#### PROVIDED DATA
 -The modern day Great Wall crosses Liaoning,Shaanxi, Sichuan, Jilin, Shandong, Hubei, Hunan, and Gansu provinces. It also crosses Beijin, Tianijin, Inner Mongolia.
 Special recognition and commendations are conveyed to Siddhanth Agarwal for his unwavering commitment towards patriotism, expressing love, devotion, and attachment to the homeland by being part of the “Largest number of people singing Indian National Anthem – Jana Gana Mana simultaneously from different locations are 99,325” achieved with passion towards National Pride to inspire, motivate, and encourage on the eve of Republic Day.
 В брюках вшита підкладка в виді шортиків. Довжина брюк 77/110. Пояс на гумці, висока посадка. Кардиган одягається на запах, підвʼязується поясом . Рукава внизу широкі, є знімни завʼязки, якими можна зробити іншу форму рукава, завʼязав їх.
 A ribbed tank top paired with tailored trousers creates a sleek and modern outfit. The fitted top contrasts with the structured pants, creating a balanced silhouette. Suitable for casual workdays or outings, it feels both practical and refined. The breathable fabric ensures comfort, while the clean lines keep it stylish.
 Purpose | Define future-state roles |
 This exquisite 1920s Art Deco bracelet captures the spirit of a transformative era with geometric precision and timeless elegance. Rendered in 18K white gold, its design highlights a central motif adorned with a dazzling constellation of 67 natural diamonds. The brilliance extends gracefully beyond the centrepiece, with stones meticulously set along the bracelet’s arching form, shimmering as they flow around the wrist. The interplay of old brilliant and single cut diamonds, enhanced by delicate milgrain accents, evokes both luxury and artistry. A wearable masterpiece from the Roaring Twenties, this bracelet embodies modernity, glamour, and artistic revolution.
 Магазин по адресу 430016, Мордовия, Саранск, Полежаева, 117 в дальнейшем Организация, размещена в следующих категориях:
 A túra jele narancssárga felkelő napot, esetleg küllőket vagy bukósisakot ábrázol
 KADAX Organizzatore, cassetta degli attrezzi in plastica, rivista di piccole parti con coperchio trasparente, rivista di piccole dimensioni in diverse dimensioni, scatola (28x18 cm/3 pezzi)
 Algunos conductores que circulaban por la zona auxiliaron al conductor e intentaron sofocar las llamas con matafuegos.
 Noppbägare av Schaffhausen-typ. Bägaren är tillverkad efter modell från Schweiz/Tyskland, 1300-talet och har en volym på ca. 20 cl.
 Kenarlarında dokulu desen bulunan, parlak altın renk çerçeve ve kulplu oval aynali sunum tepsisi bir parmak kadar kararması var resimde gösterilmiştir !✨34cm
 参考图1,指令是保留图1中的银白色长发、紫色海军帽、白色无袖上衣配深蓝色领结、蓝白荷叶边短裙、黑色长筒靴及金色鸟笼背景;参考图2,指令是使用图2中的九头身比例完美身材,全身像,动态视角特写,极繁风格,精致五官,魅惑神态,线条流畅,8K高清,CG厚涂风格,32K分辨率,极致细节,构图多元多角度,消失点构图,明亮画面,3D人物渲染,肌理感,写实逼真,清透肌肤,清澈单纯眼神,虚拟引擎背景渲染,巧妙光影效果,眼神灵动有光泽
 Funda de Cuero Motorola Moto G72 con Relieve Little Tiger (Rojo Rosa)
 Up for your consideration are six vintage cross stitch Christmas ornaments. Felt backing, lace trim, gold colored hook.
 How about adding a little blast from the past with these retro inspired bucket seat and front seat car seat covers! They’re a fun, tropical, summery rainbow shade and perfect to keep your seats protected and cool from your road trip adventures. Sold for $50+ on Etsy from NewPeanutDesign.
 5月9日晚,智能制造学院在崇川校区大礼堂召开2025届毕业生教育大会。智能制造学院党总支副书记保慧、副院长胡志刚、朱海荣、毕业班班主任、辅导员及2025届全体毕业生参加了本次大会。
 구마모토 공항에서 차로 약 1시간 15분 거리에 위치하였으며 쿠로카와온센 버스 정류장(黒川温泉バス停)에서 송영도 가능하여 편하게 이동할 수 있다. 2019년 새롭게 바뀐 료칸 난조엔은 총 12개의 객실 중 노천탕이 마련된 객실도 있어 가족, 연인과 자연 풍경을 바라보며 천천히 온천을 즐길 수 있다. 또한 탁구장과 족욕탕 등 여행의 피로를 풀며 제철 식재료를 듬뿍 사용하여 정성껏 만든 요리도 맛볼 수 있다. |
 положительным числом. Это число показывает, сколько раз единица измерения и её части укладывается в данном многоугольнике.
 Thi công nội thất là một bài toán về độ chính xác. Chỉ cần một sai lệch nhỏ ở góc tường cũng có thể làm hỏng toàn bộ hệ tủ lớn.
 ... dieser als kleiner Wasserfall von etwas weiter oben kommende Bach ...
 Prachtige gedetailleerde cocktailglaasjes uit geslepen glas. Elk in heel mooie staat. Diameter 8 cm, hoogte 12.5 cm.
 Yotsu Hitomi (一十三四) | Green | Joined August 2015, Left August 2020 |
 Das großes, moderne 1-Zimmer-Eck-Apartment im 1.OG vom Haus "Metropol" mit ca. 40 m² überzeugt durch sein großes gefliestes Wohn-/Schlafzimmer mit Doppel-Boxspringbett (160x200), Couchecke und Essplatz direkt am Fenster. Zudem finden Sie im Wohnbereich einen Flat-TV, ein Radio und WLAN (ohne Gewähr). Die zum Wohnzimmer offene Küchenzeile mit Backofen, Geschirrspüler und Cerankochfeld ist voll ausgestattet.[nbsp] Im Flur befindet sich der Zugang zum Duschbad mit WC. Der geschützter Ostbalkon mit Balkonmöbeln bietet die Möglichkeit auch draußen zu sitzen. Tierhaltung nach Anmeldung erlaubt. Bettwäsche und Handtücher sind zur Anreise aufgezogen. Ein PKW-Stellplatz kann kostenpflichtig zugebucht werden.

#### TASK
Copy every line of the material in which the word "keep" occurs.

#### ANSWER FOR THIS EXERCISE
 A ribbed tank top paired with tailored trousers creates a sleek and modern outfit. The fitted top contrasts with the structured pants, creating a balanced silhouette. Suitable for casual workdays or outings, it feels both practical and refined. The breathable fabric ensures comfort, while the clean lines keep it stylish.
 How about adding a little blast from the past with these retro inspired bucket seat and front seat car seat covers! They’re a fun, tropical, summery rainbow shade and perfect to keep your seats protected and cool from your road trip adventures. Sold for $50+ on Etsy from NewPeanutDesign.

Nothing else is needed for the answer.